Linear model fitting for regression: Basics and Variation
Linear model (simple forms) fitting
I use mtcars dataset to construct some basic regression models and fit those.
# convert available data to use in fitting
mtcars_reg_df <- mtcars %>%
rownames_to_column("carnames") %>%
as_tibble() %>%
mutate_at(c("gear", "am", "vs", "cyl"), as.factor)
We will be comparing difference between cylinder means for mpg.
# # intercept only lm tidiying and visualization
mpg_model1 <- mtcars_reg_df %>%
group_by(cyl) %>%
nest() %>%
group_by(cyl) %>%
mutate(mpg_model = map(data, ~lm(`mpg` ~ 1, .x))) %>%
mutate(
# rsqrd = map_dbl(mpg_model, ~summary(.x)[['r.squared']]), # this is '0' of intercept only model
intercept_pvalue = map_dbl(mpg_model, ~summary(.x)[['coefficients']][1, 4]),
intercept_se = map_dbl(mpg_model, ~summary(.x)[['coefficients']][1, 2]),
intercept_coef = map_dbl(mpg_model, ~summary(.x)[['coefficients']][1, 1])
) %>%
select(cyl, mpg_model, contains("intercept"), data)

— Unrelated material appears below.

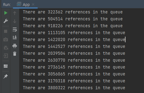 위 코드에서 해당 문제를 살펴볼 수 있다. 쓰레드가 바쁘지 않아서 GC와 Finalizer가 함께 돌아가고 있다면 항상 Reference Queue에는 0이 된다. 즉, 바로바로 처리 된다는 것을 의미한다. 그런데 이걸 가시화 하기 위해서 finalize() 메서드를 오버라이딩 한 다음 강제로 에러를 던져주면 Finalizer는 정상적으로 Reference Queue에 있는 것을 처리하는 동작을 하지 못한다. 따라서 Finalizer의 Reference Queue에는 finalize() 되지 못한 객체들이 쌓이게 된다.

Intercept-only models (each group fitted a different one) are plotted to reflect variation in estimated parameters. Two methods can be used to obtain same result. In the first, standard error obtained from model summary can be directly used; in the other SE can be manually computed.
# # method 1
mpg_model1 %>%
select(-data, -contains("model")) %>%
ggplot(aes(x = cyl, y = intercept_coef)) +
geom_point() +
geom_errorbar(aes(ymin = intercept_coef-intercept_se, ymax = intercept_coef+intercept_se)) +
labs(x = "Number of cylinders",
y = "MPG",
title = "Mean MPG differs among cars with different cylinder numbers") +
theme(text = element_text(size = 12), axis.text.x = element_text(angle = 30))
# # method 2
# same as method 1
mtcars_reg_df %>%
group_by(cyl) %>%
summarise_at("mpg", list(~mean(.), ~sd(.), ~n(),
q95 = ~quantile(., 0.95),
q75 = ~quantile(., 0.75),
q25 = ~quantile(., 0.25),
q5 = ~quantile(., 0.05))) %>%
mutate(`se` = `sd`/sqrt(`n`)) %>%
mutate(`left95` = `mean` - 2 * `se`,
`right95` = `mean` + 2 * `se`) %>%
ggplot(aes(x = `cyl`, y = `mean`)) +
geom_point() +
# # plot only errorbars with
# geom_errorbar(aes(ymin = `left95`, ymax = `right95`)) +
# or plot several quantiles with
geom_crossbar(aes(ymin = `q5`, ymax = `q95`),
fill = "aquamarine1", color = "aquamarine1", width = 0.2) +
geom_crossbar(aes(ymin = `q25`, ymax = `q75`),
fill = "aquamarine4", color = "aquamarine4", width = 0.2) +
geom_crossbar(aes(ymin = `left95`, ymax = `right95`),
fill = "black", color = "black", width = 0.2) +
labs(x = "Number of cylinders",
y = "MPG",
title = "Mean MPG differs among cars with different cylinder numbers") +
theme(text = element_text(size = 12), axis.text.x = element_text(angle = 30))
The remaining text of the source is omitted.